Derrière les prix défiant toute concurrence se cache une stratégie bien rodée. Les produits vendus sur Temu ou Shein sont proches du prix usine. Leurs frais annexes – marketing, structure, logistique – sont réduits à l’extrême. Ils bénéficient d’accords de mutualisation logistique très avantageux, du type de ceux que seules des plateformes massivement fréquentées peuvent négocier. Résultat : des prix de livraison à l’international si faibles qu’ils défient toute logique économique.
Le cœur de cette absurdité : les tarifs ultra préférentiels accordés par l’Union Postale Universelle aux pays en développement. Ironie de l’histoire, la Chine en bénéficie encore largement. Résultat : faire venir une brosse à dents ou une coque de téléphone de l’autre bout du monde coûte parfois moins cher qu’un timbre local. À cela s’ajoutent les stratégies de micro-entreposage et la fragmentation volontaire des colis pour rester sous le seuil des 150 euros, seuil en dessous duquel les droits de douane sont inexistants ou très limités.

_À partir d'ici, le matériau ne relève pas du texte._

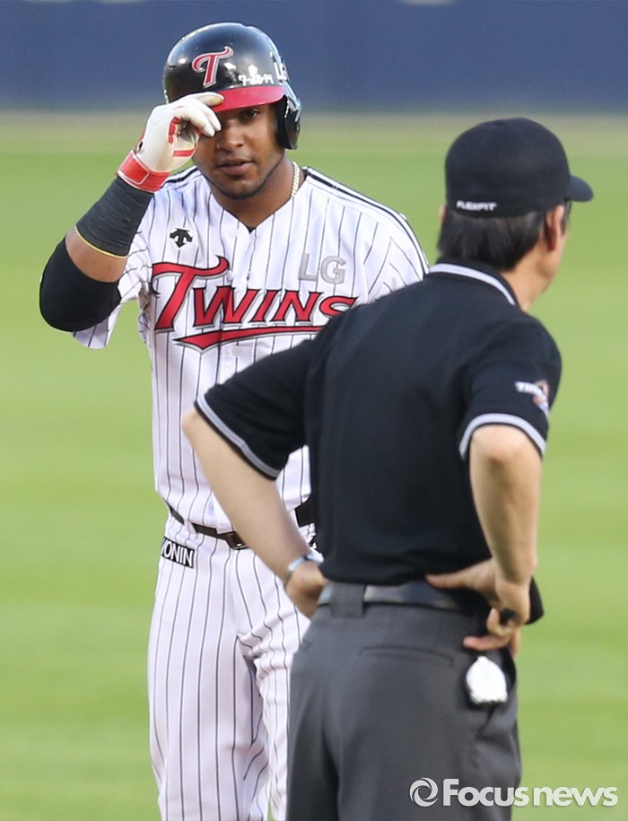 (서울=포커스뉴스) 2일 서울 잠실구장에서 열린 2016 프로야구 KIA-LG 경기 3회말 무사 1,2루에서 LG 히메네스가 1타점 2루타를 치고 김광회 2루심에게 인사하고 있다.

La France ne peut plus rester passive. Les effets sont connus : nos commerçants ne peuvent plus rivaliser, les recettes fiscales échappent à l’État, et l’impact écologique de ces envois fragmentés, souvent aériens, est désastreux. À titre d’exemple, la livraison d’un même produit depuis la Chine génère un coût carbone au moins 16 fois supérieur à celui d’un produit transporté par voie maritime – un chiffre qui atteint même jusqu’à 200 fois plus lorsqu’on privilégie le transport aérien. D’un point de vue environnemental, chaque colis « à 1 euro » représente ainsi un désastre écologique considérable.
Il est temps d’imposer la vérité des prix, notamment en matière de transport. Cela passe par la fin des exemptions douanières sur les petits colis, mais surtout par une refonte des tarifs postaux internationaux. Il ne s’agit pas de fermer les frontières, mais d’exiger une équité élémentaire : à produit égal, conditions équitables. Et si cela pousse les plateformes à ouvrir des entrepôts en Europe, tant mieux : cela créera de l’emploi et permettra un meilleur contrôle.

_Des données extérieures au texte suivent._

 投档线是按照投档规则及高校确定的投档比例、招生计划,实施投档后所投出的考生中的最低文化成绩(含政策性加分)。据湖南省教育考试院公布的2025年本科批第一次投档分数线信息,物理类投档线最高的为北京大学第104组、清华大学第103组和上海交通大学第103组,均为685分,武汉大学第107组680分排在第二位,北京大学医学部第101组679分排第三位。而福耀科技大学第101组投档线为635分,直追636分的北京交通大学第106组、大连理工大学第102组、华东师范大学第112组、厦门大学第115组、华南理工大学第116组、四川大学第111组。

Offrir un coût de transport loyal, c’est donner une chance aux acteurs locaux. C’est favoriser l’émergence de modèles durables. Et surtout, c’est une source de richesse et de développement pour nos économies locales, en France comme en Europe.
(*) Rémi Lantieri est diplômé de l’ISEG et de la Dublin Business School, et enseigne aujourd’hui la data intelligence à l’ISEG Paris.